1987 이한열 열사 배역 교체하는게 맞는거 같다. 강동원이 일찍 사과했어도 그가 맡을 역할은 아닌것 같다. 역사를 다룬 영화도 역사로 남으니까. 그대로 밀어부치면 난 물론 안 볼거고 위선 쩌는 한국 영화계에 저주를 퍼부을거고
— 크앙ㅋㅇ (@zzvlf27) March 5, 2017
“Even if he had apologized earlier, this doesn’t seem like a role he should play. Because a movie about history becomes history.”
Such sentiments are equally widespread in South Korean politics. There is plenty to criticize in the impeached president Park Geun-hye and the former Saenuri leader Kim Moo-sung without delving into their parentage. Yet the left’s favorite gossip, at least before the Choi Soon-sil scandal, was stories of what Park’s and Kim’s fathers got up to as collaborators before 1945. To me, how General Park Chung-hee — Park’s father — worked his way into Japan’s good graces is as irrelevant to assessing his daughter’s career as what her fans say: that president Park deserves support simply because her father was a great leader. Either way, the logic is the same. Love or hate her not for what she has done, but for who sired her.

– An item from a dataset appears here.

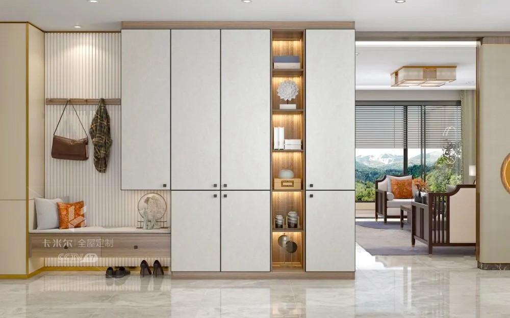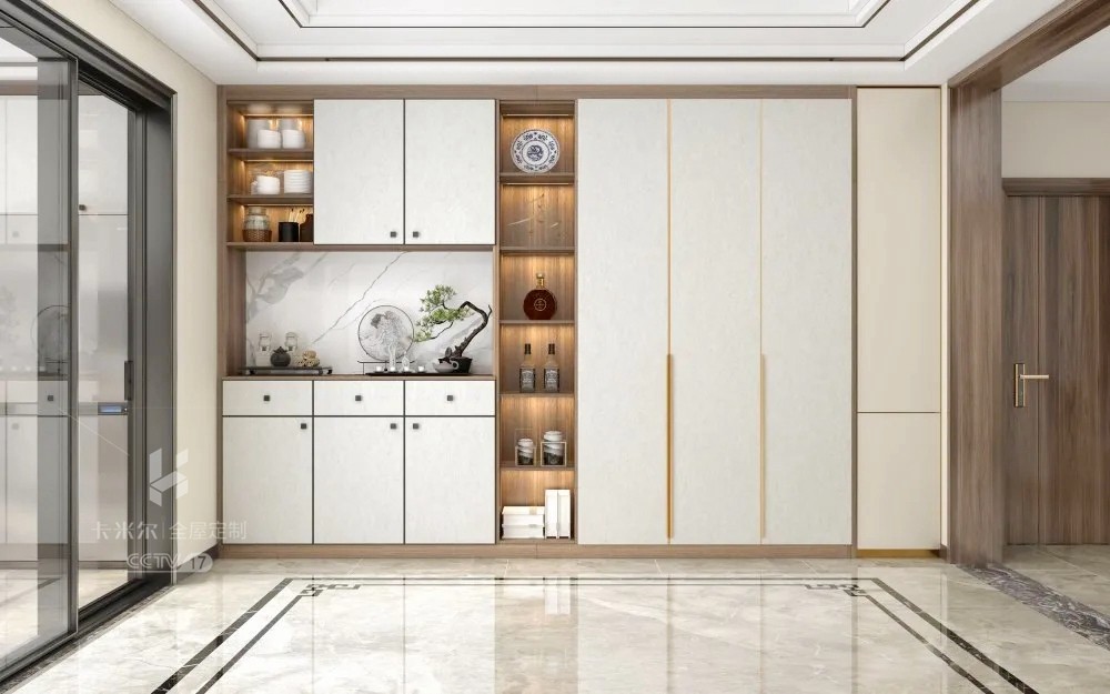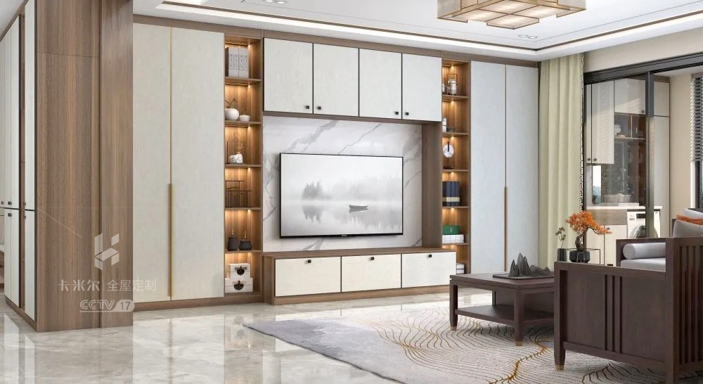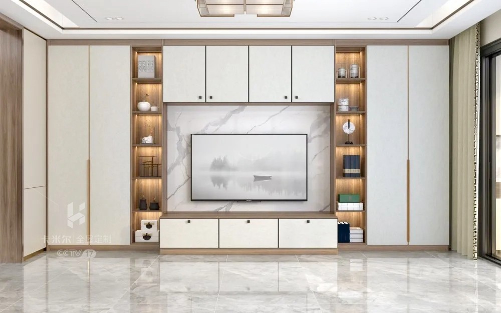 電視柜場景一體化外觀設(shè)計,收納高柜滿足主人的收藏喜好;柜內(nèi)搭配氛圍燈,通透既視,高端尊貴。

The controversy surrounding Kang betrays two impulses in South Korean society. One is to use the past to judge children who weren’t responsible for that past. Holding figures accountable for the sins of their kin is a vestige of feudal politics. In Joseon, the Korean dynasty that endured until 1910, blood and marital relations of treasonous subjects could incur punishment even if they themselves were not disloyal to the throne. The system survives on a smaller scale in contemporary South Korea. Not only do descendants of pro-Japanese collaborators and communist sympathizers suffer shaming; children of criminals, too, are often socially shunned as the product of “bad seed.”
Another impulse is to quickly condemn a past that may be too complex to be grasped through a few factoids, especially concerning the colonial era. Of all South Korean media outlets, it is surprisingly the liberal Hankyoreh that has leapt to Kang Dong-won’s defense by reprinting a column from last year: The article contends that while Lee Jong-man, Kang’s great-grandfather, did offer money to Japan, he also donated 800 times that amount (roughly 70 million dollars in today’s terms) for the education of Korean workers and farmers. This complicates the narrative surrounding the man. But it won’t be enough to turn the backlash against the actor.
My own lineage has made me wonder whether I ought to be ashamed of my family’s past. My father’s side of the family were once large landowners in South Jeolla Province. After 1945, my paternal grandfather headed the local chapter of the Anti-Communist Youth League. On my mother’s side, my great-grandfather was vice-principal of a venerable girls’ school in Seoul while the city was the colonial capital.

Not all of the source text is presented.